Introduction
Recent technological advances in the field of genomics including DNA microarray and now next-generation sequencing have allowed the analysis of entire genomes. The identification and characterization of the genome-wide locations of transcription factor binding sites and chromatin modifications are critical for the comprehensive understanding of gene regulation under various biological conditions. ChIP-seq, which combines chromatin immunoprecipitation (ChIP) with massively parallel short-read sequencing, offers high specificity, sensitivity, and spatial resolution in profiling in vivo protein-DNA association; histones, histone variants, and modified histones; nucleosome positioning; polymerases and transcriptional machinery complexes; and DNA methylation (Holt and Jones, 2008; Park, 2009).
Although sequencing overcomes certain limitations of DNA-protein profiling with microarrays (ChIP-chip), it raises statistical and computational challenges, some of which are related to those for ChIP-chip and others that are novel.

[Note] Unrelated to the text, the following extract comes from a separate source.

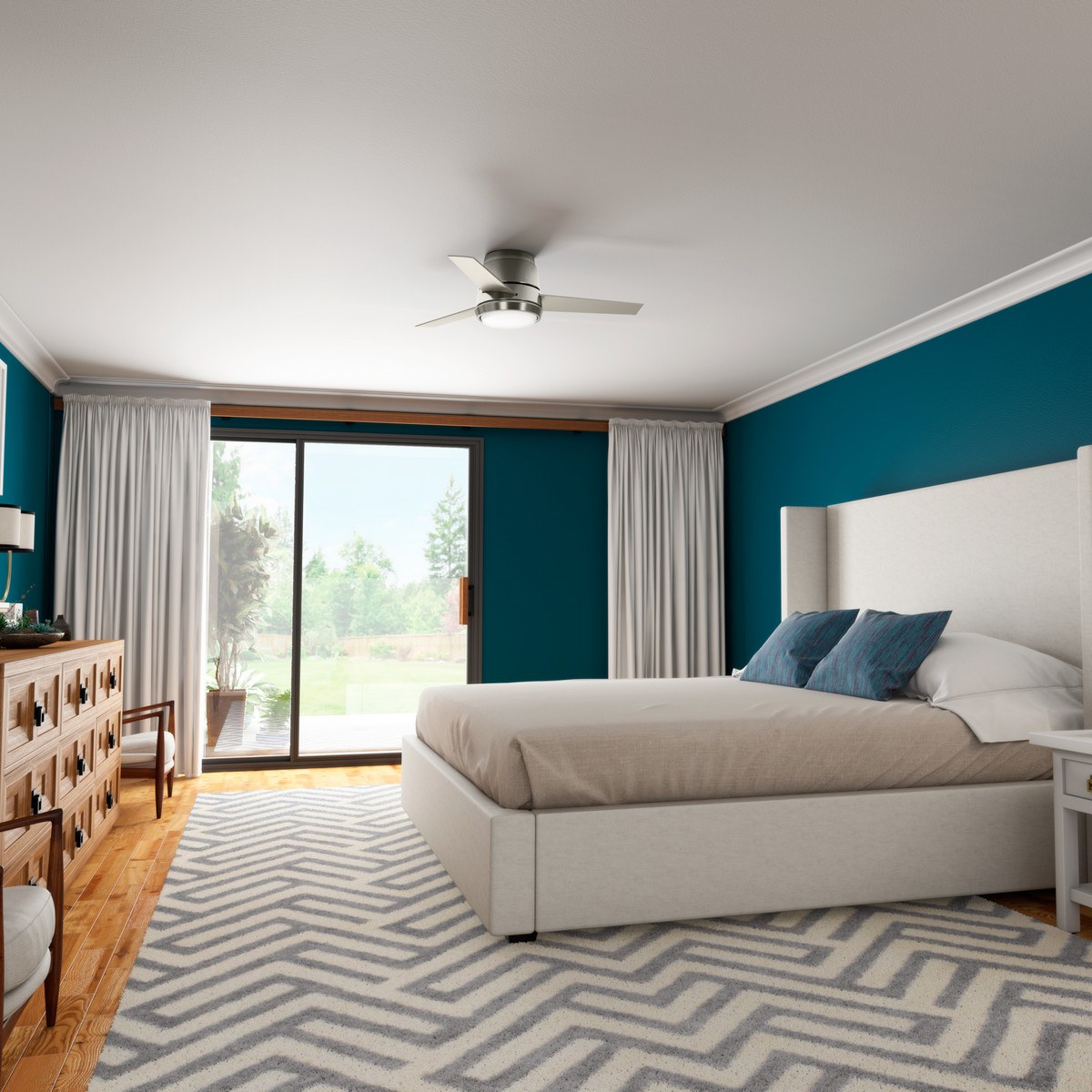 | The Commodus modern ceiling fan with light touts a transitional design making it a unique ceiling fan for contemporary and casual room styles. The 10.5-inch compact ultra-low-profile design makes the Commodus ideal for rooms with low ceilings. It fits flush to the ceiling to deliver powerful air performance without sacrificing style or space in rooms with low ceilings. This 44-inch small ceiling fan is perfect for bedrooms living rooms fitness rooms and dining rooms. The performance ceiling fan blades are optimized for efficient air movement. The Commodus fan features a preinstalled remote receiver for easy installation an LED light module and a wall control for fan speed and lighting adjustments. Modern 3 Matte Nickel blades included Light kit features Painted Cased White Hunter Small (2) Int LED | Foxconn 24 W | K8233-08 Includes 1 24W LED Module Bulbs. You will love the dimmable light feature. 4 speeds controlled by Integrated Control System - Wall Control. Specially designed low-profile housing fits flush to the ceiling making it ideal for use in rooms with low ceilings less than 9' " Limited Lifetime Motor Warranty Reversible 4-speed WhisperWind® motor delivers ultra-powerful air movement with whisper-quiet performance so you get the cooling power you want without the noise you don't® Overall Height: 7.82 in Airflow: 3553 CFM Electricity Use: 35 WATTS Airflow Efficeincy: 74 CFM/WATT |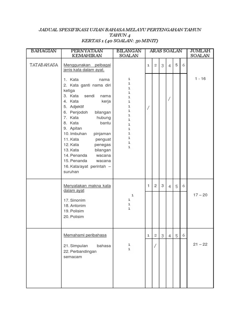 Post a Comment for "Jsu Bahasa Melayu Tingkatan 5 - Jadual Spesifikasi Ujian Kump 2 Pengajaran Teknologi Dan Penaksiran 1 Kpd 3016 Disediakan Studocu"

Among other things, the large amount of sequence reads generated by a single machine run and the diverse sources of biases render the analysis of ChIP-seq data challenging. To address these challenges, computational tools have already been proposed by several research groups (e.g., Ji et al., 2008; Jothi et al., 2008; Kharchenko et al., 2008; Zhang et al., 2008b; Rozowsky et al., 2009; Spryrou et al., 2009; Qin et al., 2010). A common first step in the analysis of ChIP-seq data is to smooth the raw sequence read counts along each chromosome to obtain a sequence read profile (aka pile-up) that can be used to identify regions of interest (Pepke et al., 2009).